GIVEN RECORDS >>
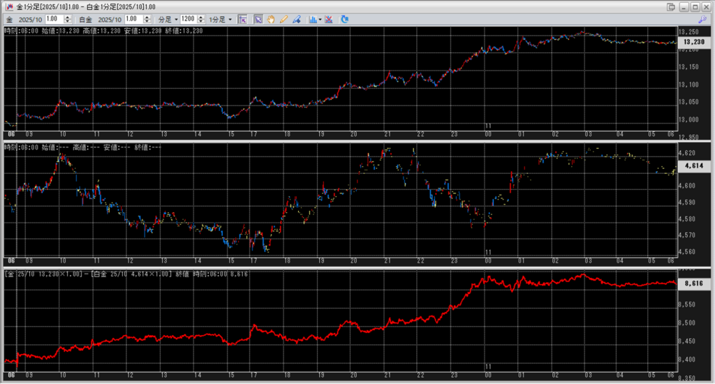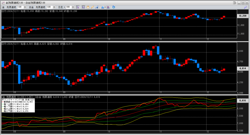 金白金の鞘をボリンジャーバンドで見ていきます。
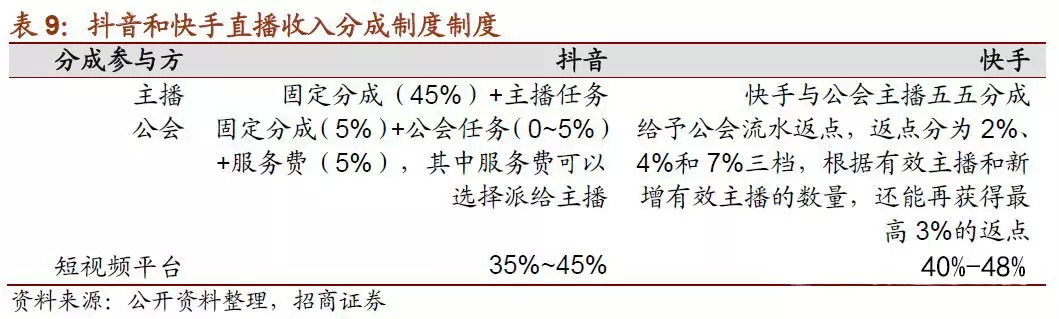 抖音采用的是“固定分成比例+任务奖励”的模式;快手2019年9月宣布成立快手直播公会,采用分级分成制度。
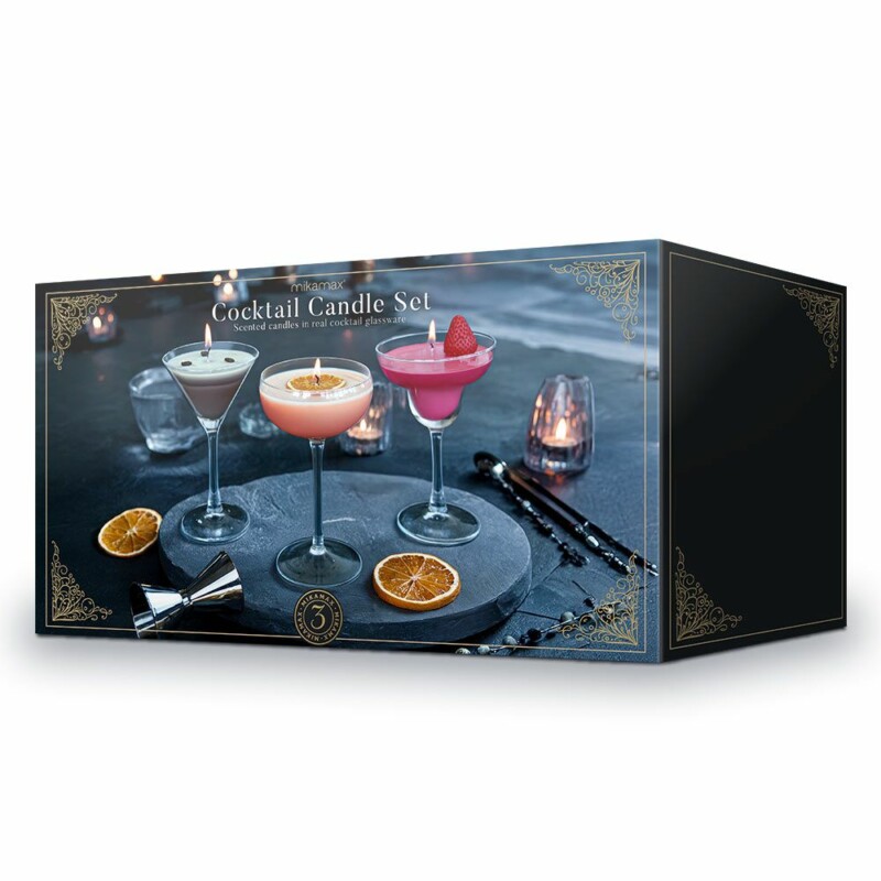 Το Cocktail Candle Set περιλαμβάνει τρία καλαίσθητα κεριά σε σχήμα κλασικών ποτηριών κοκτέιλ, το καθένα με άρωμα εμπνευσμένο από δημοφιλή κοκτέιλ: Pornstar Martini, Espresso Martini και Daiquiri.
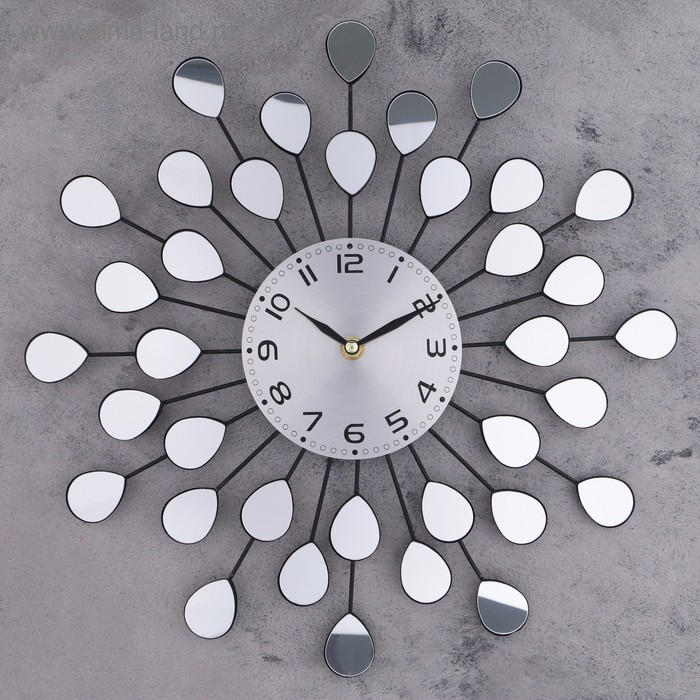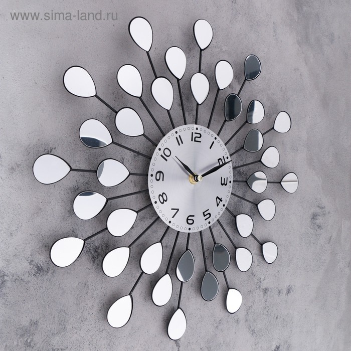 Часы настенные, серия:Ажур, "Зеркальные лепестки", плавный ход, d-10 см, 40 х 40 см
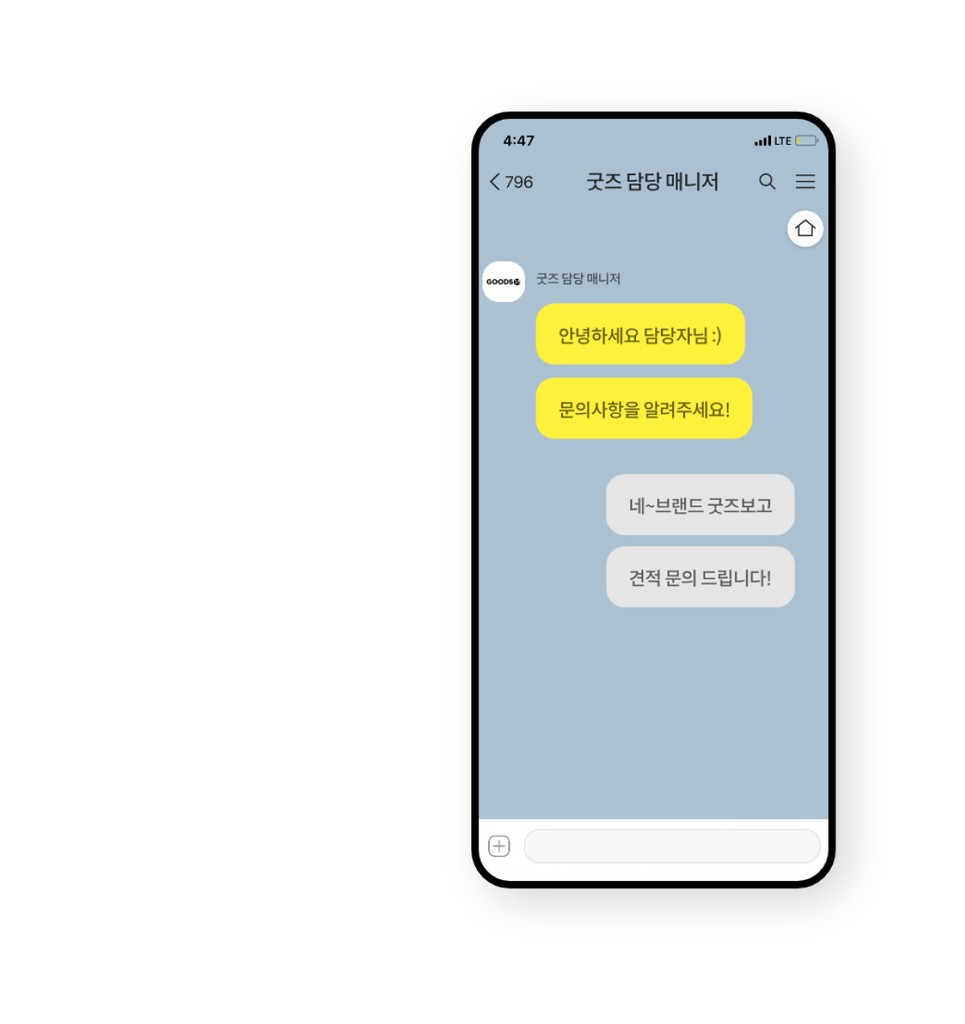굿즈 상품 종류 및 커스텀 내용 관련 1:1 상담을 진행합니다.
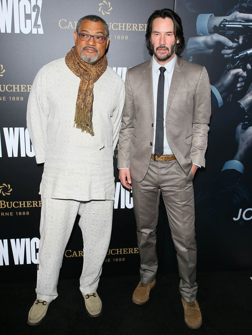 John Wick: Chapter 2 had its premiere last night in Los Angeles and it reunited Keanu Reeves and Laurence Fishburne on the red carpet. Reeves is, of course, John Wick, and Fishburne is playing a new character named “The Bowery King”. The obligatory reference here is “Neo and Morpheus together again!” but I really believe, in the long run, Reeves is remembered more for John Wick than Neo. I’ve said it before and I’m doubling down. John Wick is an actual person with a memorable personality, and he’s not in Reeves’ typical “Whoa” style, either. I quote John Wick way more than Neo. So the question is, will The Bowery King be indelible like John Wick? Or will Morpheus remain Fishburne’s #2 character? (#1 is obviously Cowboy Curtis.)

WHAT THE EXERCISE ASKS >> Return only the lines from the start of the data through the line that contains "Το Cocktail Candle", please, copying them exactly and omitting all pictures.

SOLUTION TO THIS TASK >>
 金白金の鞘をボリンジャーバンドで見ていきます。
 抖音采用的是“固定分成比例+任务奖励”的模式;快手2019年9月宣布成立快手直播公会,采用分级分成制度。
 Το Cocktail Candle Set περιλαμβάνει τρία καλαίσθητα κεριά σε σχήμα κλασικών ποτηριών κοκτέιλ, το καθένα με άρωμα εμπνευσμένο από δημοφιλή κοκτέιλ: Pornstar Martini, Espresso Martini και Daiquiri.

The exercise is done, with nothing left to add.